Examine the records below and count how many lines contain the string "thành". Give only the number.

Records provided:

*-*-*

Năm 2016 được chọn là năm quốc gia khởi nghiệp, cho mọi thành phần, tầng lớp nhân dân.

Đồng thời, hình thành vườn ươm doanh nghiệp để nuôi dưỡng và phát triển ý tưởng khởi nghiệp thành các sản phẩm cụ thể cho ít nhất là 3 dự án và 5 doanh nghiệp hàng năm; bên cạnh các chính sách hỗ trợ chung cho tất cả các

*-*-*

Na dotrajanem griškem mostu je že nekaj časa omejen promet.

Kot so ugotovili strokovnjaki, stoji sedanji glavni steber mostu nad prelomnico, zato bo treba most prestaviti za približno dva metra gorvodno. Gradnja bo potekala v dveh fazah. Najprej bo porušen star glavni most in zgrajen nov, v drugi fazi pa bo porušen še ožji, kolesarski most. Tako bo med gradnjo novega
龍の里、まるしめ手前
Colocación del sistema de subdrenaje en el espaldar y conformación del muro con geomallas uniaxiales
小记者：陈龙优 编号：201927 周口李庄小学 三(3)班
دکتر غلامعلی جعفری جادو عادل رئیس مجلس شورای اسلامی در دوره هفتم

*-*-*

Result of the exercise:
2